When replicating between DC, I've hit a few times on different domains a blocking replication issue related to incorrect security descriptor (still there in 4.4.4). When replicating an object, one may get the error below "ldb: descriptor_modify: Could not find SD for". Note : the DN mentionned here is actually the PARENT of the entry being replicated at that moment. Most of the time, you can get around moving the entry, deleting the parent object and recreate it, and put the entry back into the OU, or in the case of GPO, exporting and recreating. An extreme way of resolving is to re-import all the But it is not very convenient and not satisfactory. The problem seems to be related to SD inheritance calculation (disabling inheritence on the entry bypass the issue). I am not sure if the bug that creates that issue is still in master, but it was at least in 4.3.0. And I have no clue on what trigger this issue either (sorry for the loosy bug report). The only place I can see the "descriptor_modify: Could not find SD for" is in ./source4/dsdb/samdb/ldb_modules/descriptor.c line 779. I'll be glad to give anymore information, and a sample of the SD hierarchy if someone is interested to dive into this one. [2016/04/18 16:06:16.998291, 6] ../libcli/security/create_descriptor.c:256(process_user_acl) ../libcli/security/create_descriptor.c:256: acl revision 4 [2016/04/18 16:06:16.998358, 6] ../libcli/security/create_descriptor.c:256(process_user_acl) ../libcli/security/create_descriptor.c:256: acl revision 4 [2016/04/18 16:06:16.998844, 1] ../lib/ldb-samba/ldb_wrap.c:72(ldb_wrap_debug) ldb: descriptor_modify: Could not find SD for CN={945CAECE-A8E6-4A95-B573-F3C98259425D},CN=Policies,CN=System,DC=domaine,DC=fr [2016/04/18 16:06:16.999808, 0] ../source4/dsdb/repl/replicated_objects.c:818(dsdb_replicated_objects_commit) ../source4/dsdb/repl/replicated_objects.c:818 Failed to prepare commit of transaction: operations error at ../source4/dsdb/samdb/ldb_modules/descriptor.c:1147 [2016/04/18 16:06:17.001556, 0] ../source4/dsdb/repl/drepl_out_helpers.c:773(dreplsrv_op_pull_source_apply_changes_trigger) Failed to commit objects: WERR_GENERAL_FAILURE/NT_STATUS_INVALID_NETWORK_RESPONSE
Checking on master would be a big help, due to the things we have recently fixed in replication, particularly in strictly enforcing object paternity.

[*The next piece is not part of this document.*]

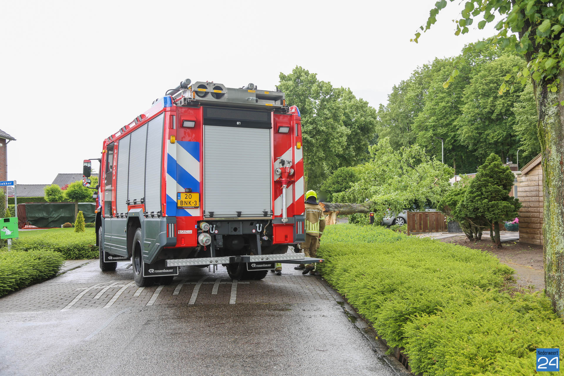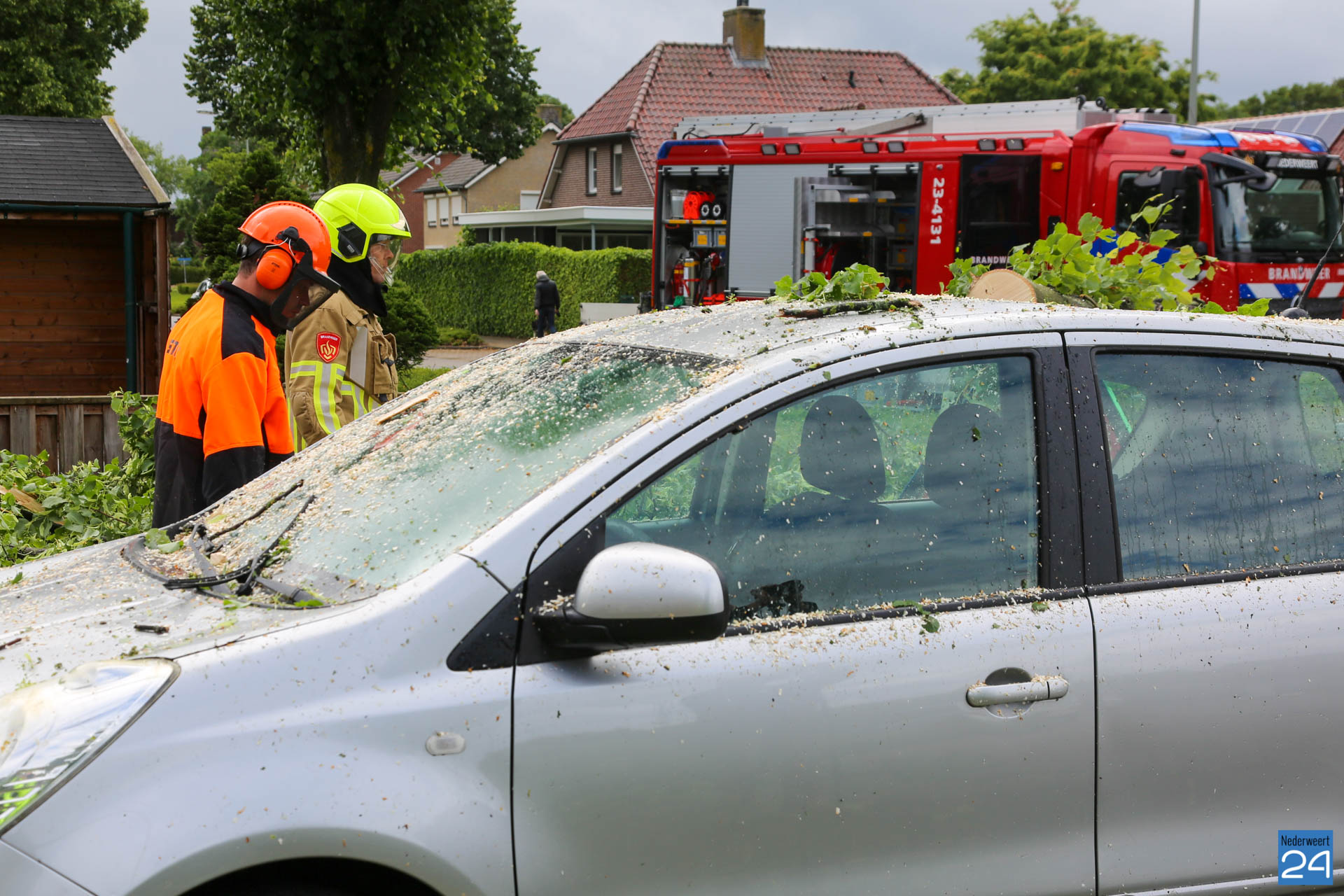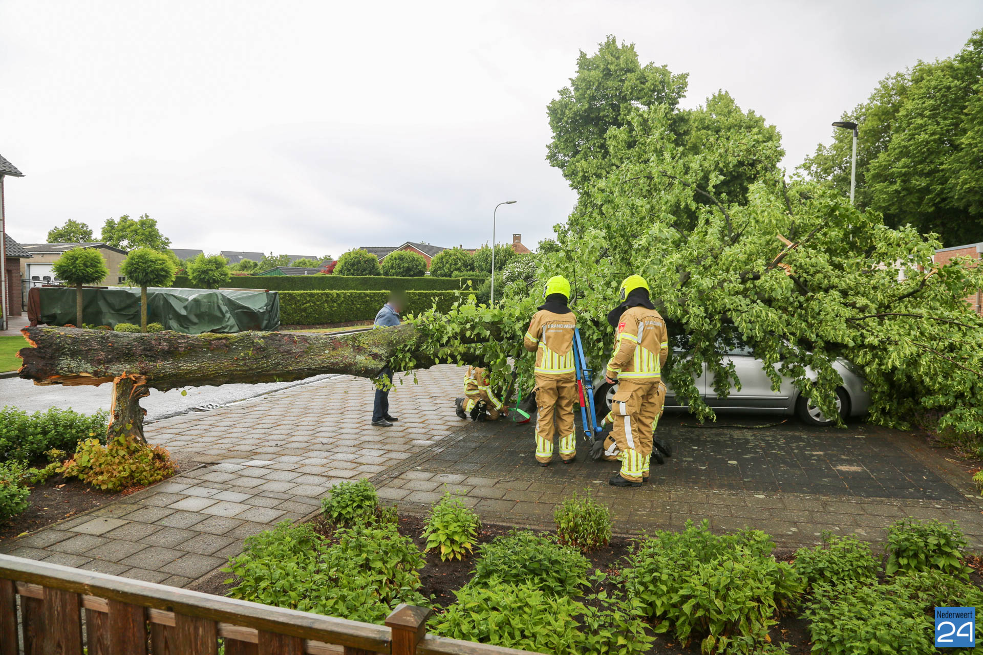 Een boom is vrijdagmiddag op een personenauto terecht gekomen. Dat gebeurde op de Sint Gerardusstraat in Nederweert-Eind. Mogelijk heeft de harde wind een rol gespeeld.

Created attachment 12267 [details] diagnostic patch Running with this patch may give better information.
Any news on what the underlying error is, using my patch?
This bug looks entirely due to the missing parent issues we sorted out a while back. Without the parent, it just wouldn't be able to recursively calculate security-descriptor.